TASK ITEM —
Write out the listing from the line with "重ねプリントされた重厚な作品です。 | |" to the line with "1.圃場にてコンバインから乾燥箱に移し替えます", both lines included, exactly and nothing beyond. Leave pictures out.
··········
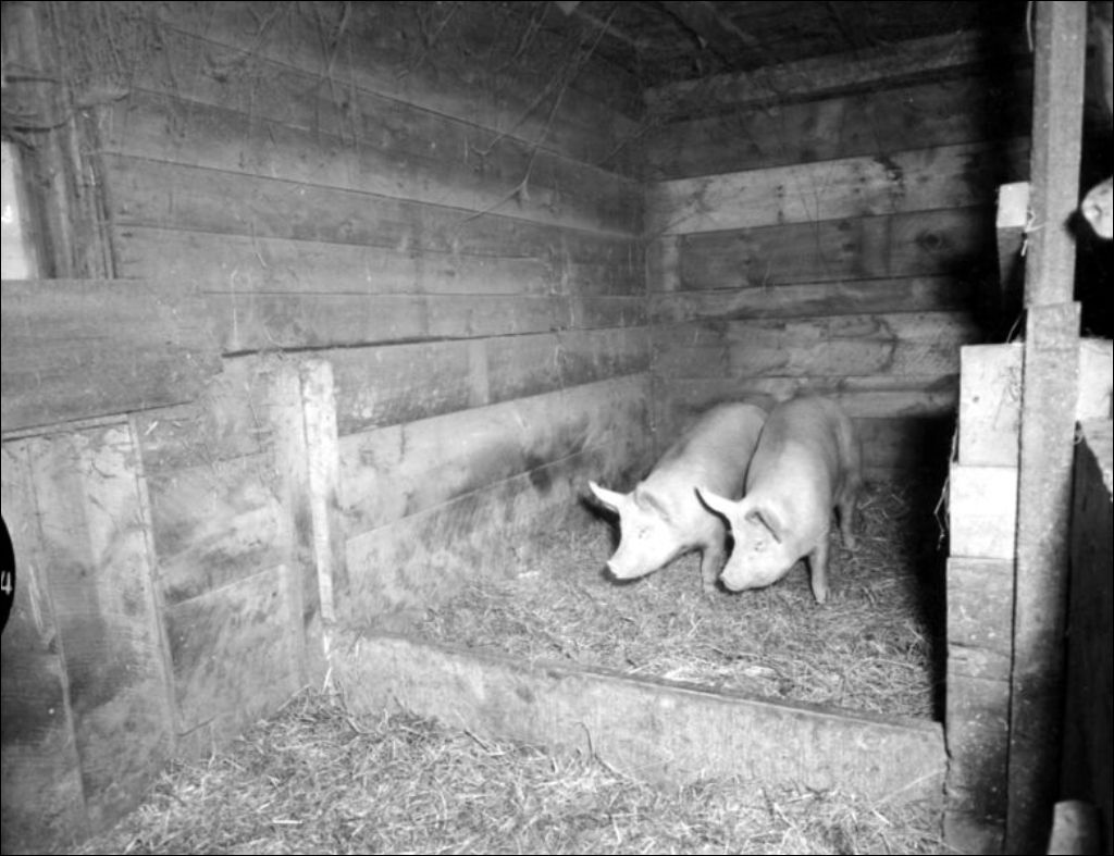 Cochons dans un enclos à Stanbridge, en Montérégie, [195-?], Archives nationales à Montréal, Fonds Ministère de la Culture et des Communications, (06M,E6,S7,SS1,D213160-213160), Photographe non identifié.
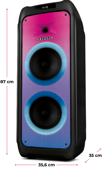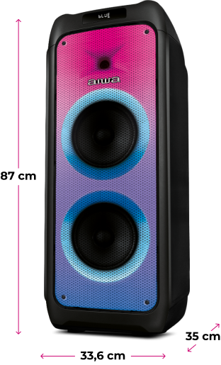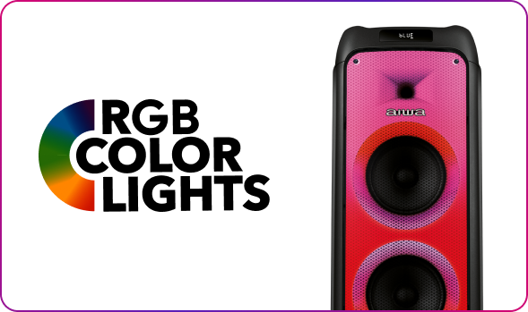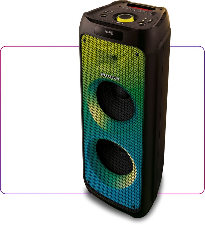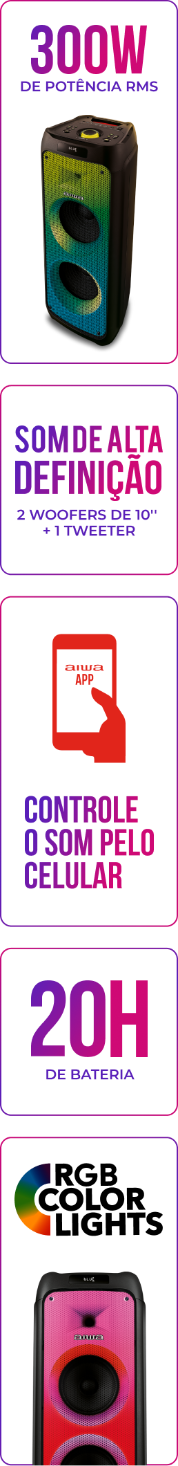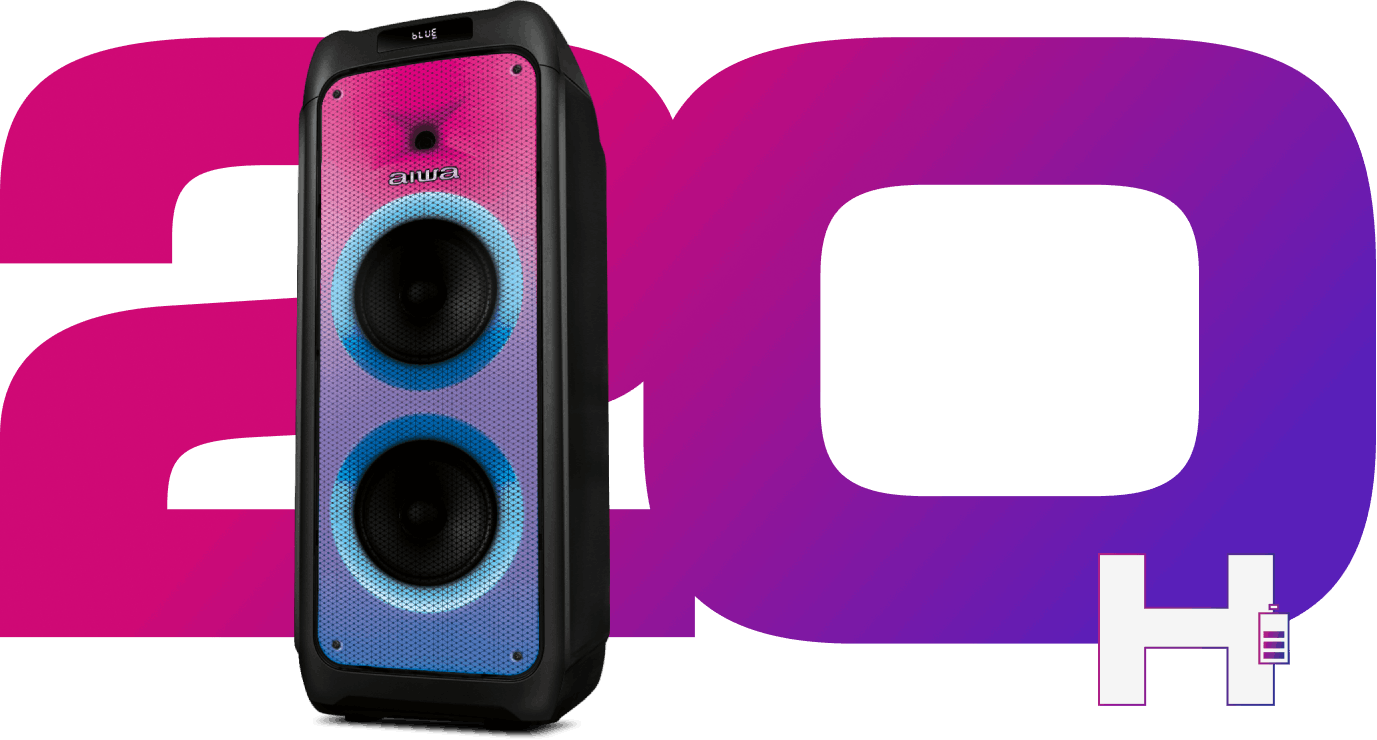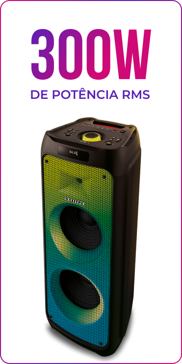 bateria. E pelo APP da AIWA Brasil, você personaliza as cores das
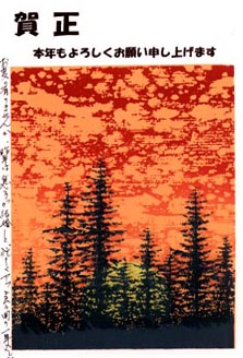 | 青春時代の友達で何時もシルク印刷にこだわる彼のオリジナルです。 | 素朴ですが、和紙を貼り、加筆している心のこもった賀状です。 | 重ねプリントされた重厚な作品です。 | |
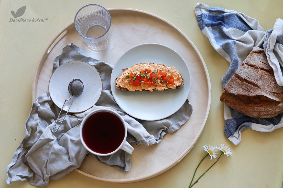 Hotovú nátierku servírujte na dobrom chlebíku alebo bagetkách s pečenou paprikou uloženou hore, prípadne aj s čerstvými bylinkami podľa chuti. Dobrú chuť.
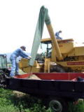 1.圃場にてコンバインから乾燥箱に移し替えます
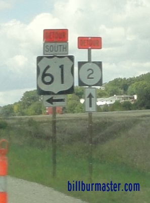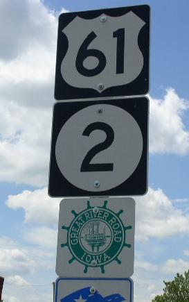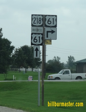 U.S. Rt. 61 is multi-plexed in Lee County. Iowa State Route 2, at Fort Madison.
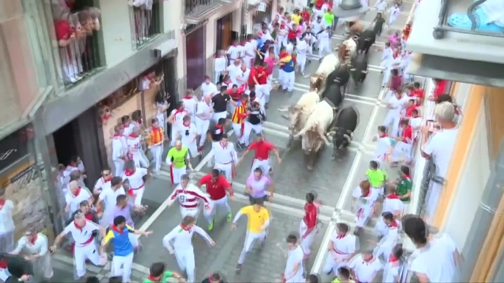 The annual bull run in Pamplona, Spain has given breathtaking moments to courageous men and women who choose to run with the animals along narrow streets. The runners crowded into the almost 800 meter course that leads to the town's bull ring. Participants warmed up before 10 bulls were released to run along the route.
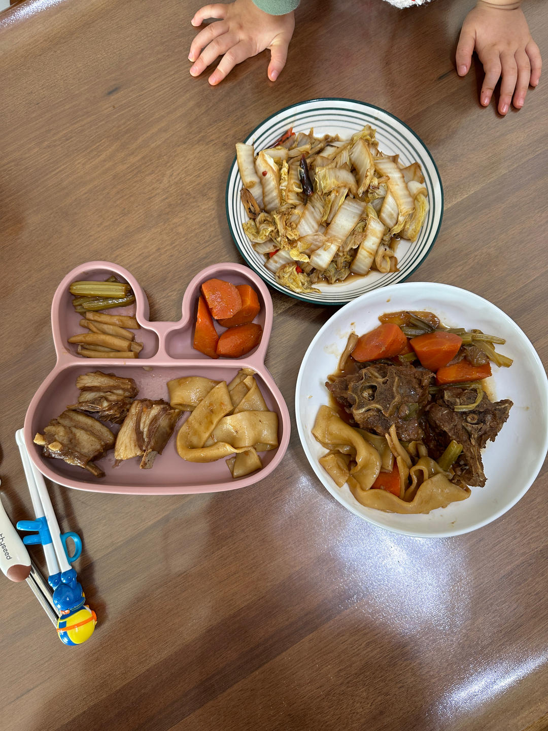 红烧羊排羊蝎子拉条子、炒白菜
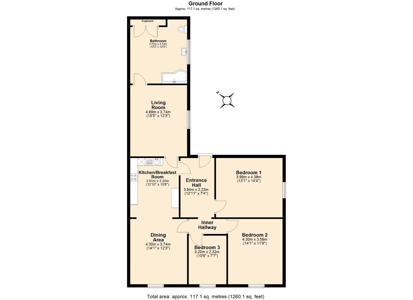 substantial first floor apartment situated in the heart of Long Bennington and recently benefiting from a refurbishment. The property is accessible from an external staircase into a spacious entrance hall. To the left of the entrance hall you have 3 generous and well proportioned bedrooms. The kitchen/diner offers enough space for dining table and sofa area. The living room is substantial and located directly off the kitchen and to the rear of the property. There’s also a newly fitted bathroom suite with shower over bath.
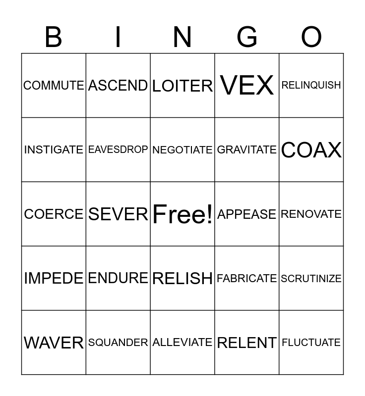 This bingo card has a free space and 36 words: ACCENTUATE, APPREHEND, CONCUR, EAVESDROP, FABRICATE, IMPEDE, NEGOTIATE, PERMEATE, RELINQUISH, SAUNTER, SEVER, VEX, ABATE, APPEASE, COAX, COMMUTE, DEPLORE, ENDURE, FLUCTUATE, LOITER, RENOVATE, SCRUTINIZE, SQUANDER, WAVER, ALLEVIATE, ASCEND, COERCE, COLLABORATE, GRAVITATE, INSTIGATE, OUST, PLUMMET, RELENT, RELISH, SUSTAIN and VIE.
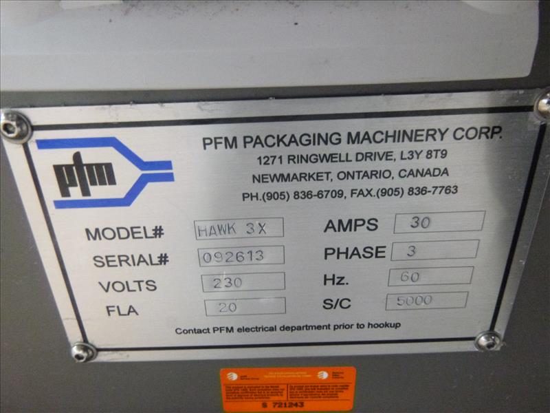 PFM Flow Wrapper mod. HAWK 3X ser. no. 092613 w/ Markem Coder mod. 9840 c/w spare parts, tools & manuals
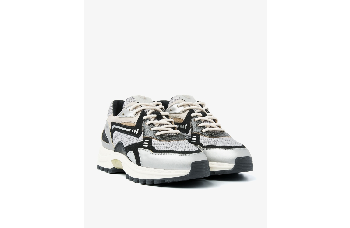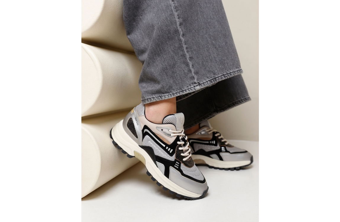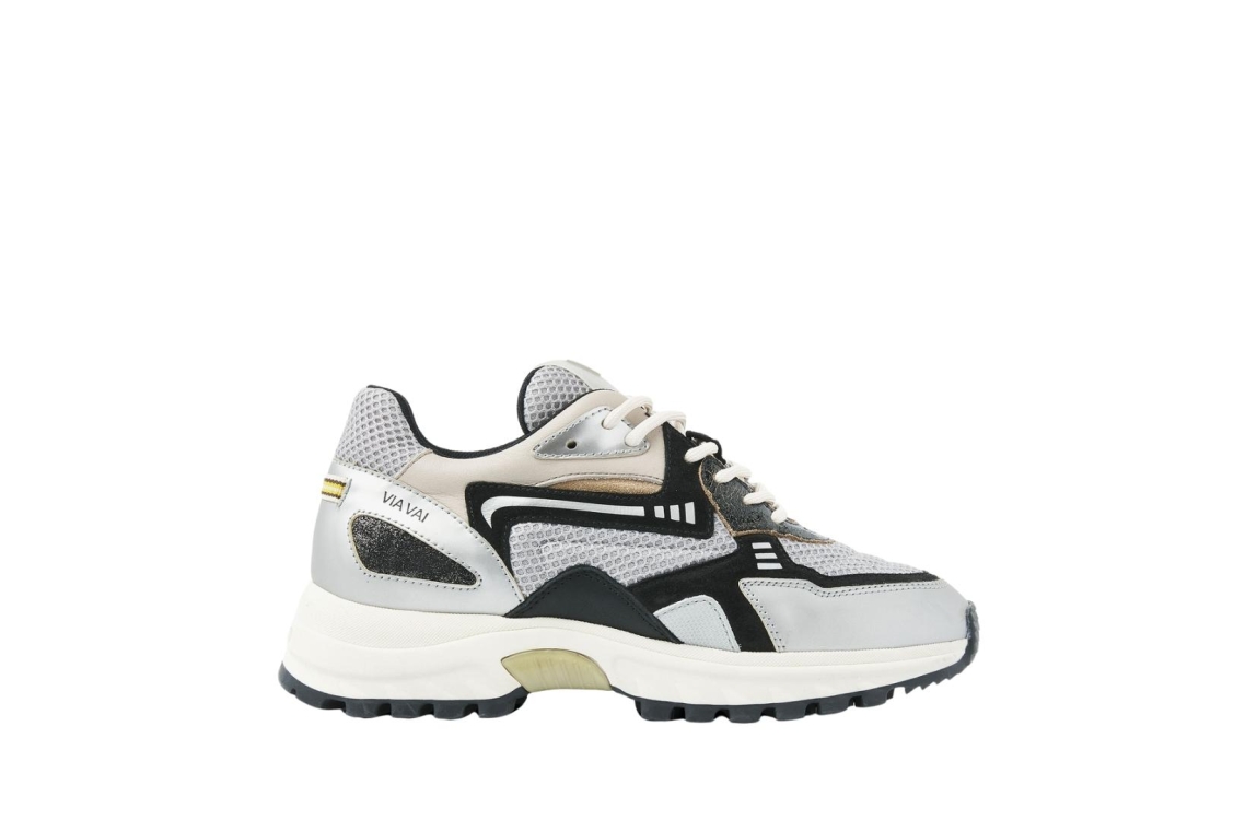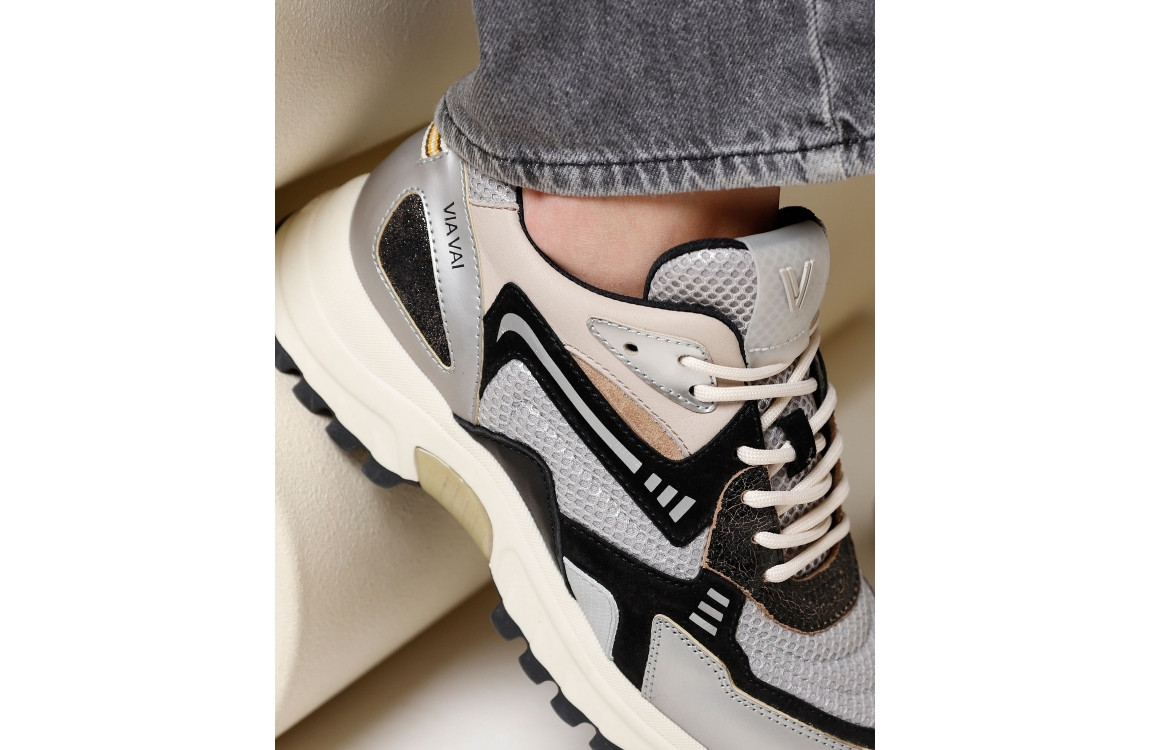 Via Vai Danae Noah 04-224 Lame combi 62222. Dit sportieve model sluit door middel van veters. Deze grijze sneakers van Via Vai zijn bewerkt met goud en zwarte details en een chunky zool.
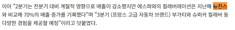 ペ・ドングン最高財務責任者(CFO)は「昨年の歌手『NewJeans』の協業に比べ、aespaの協業の方が、より良い成果を出し、期待値を満たした」とし、「昨年のNewJeansと比べて70%の売上増加を記録した」と明らかにしています。70%増ということはほぼ2倍、顕著な影響の違いが見られたようです。
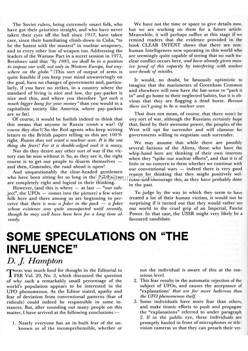 This document consists of two articles from the Flying Saucer Review (FSR). The first, by D.J. Hampton, explores the 'influence' of non-human intelligences on global politics and human perception. Hampton posits that these entities may be interfering with nuclear capabilities and manipulating public opinion to ensure that the UFO phenomenon remains either ignored or dismissed as ridiculous. He discusses the potential for microwave radiation as a mechanism for both the physical effects observed in close-encounter cases and the auditory phenomena reported by witnesses. He cites various cases, including those of Dionisio Llanca, Sonny Desvergers, and the Fátima incident, to support the theory that high-power EM radiation is a key component of UFO activity. The second article, by Antonio Ribera, discusses the nature of abduction reports. Ribera argues that while many abduction narratives are dismissed as perinatal memories or psychological phenomena, the consistency of the reports—specifically the 'medical inspection' and the presence of 'crews'—warrants serious investigation. He notes that abductees often recall these events under hypnosis, and that the entities involved are frequently described as short, macrocephalic humanoids. Ribera emphasizes the need to distinguish between the core abduction experience and the subsequent psychological interpretation.
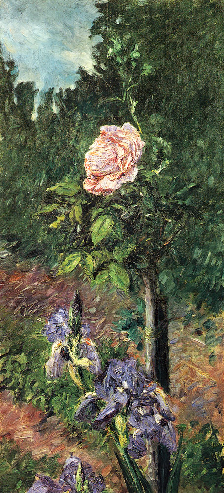 Rosiers et iris mauve, jardin du Petit Gennevilliers, vers 1892
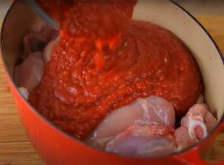 Вместо томата, можно взять томаты в собственном соку (500гр), единственное, что нужно будет к ним добавить 2 ст. ложки оливкового масла.
··········
ANSWER TO THE PROBLEM —
 | 青春時代の友達で何時もシルク印刷にこだわる彼のオリジナルです。 | 素朴ですが、和紙を貼り、加筆している心のこもった賀状です。 | 重ねプリントされた重厚な作品です。 | |
 Hotovú nátierku servírujte na dobrom chlebíku alebo bagetkách s pečenou paprikou uloženou hore, prípadne aj s čerstvými bylinkami podľa chuti. Dobrú chuť.
 1.圃場にてコンバインから乾燥箱に移し替えます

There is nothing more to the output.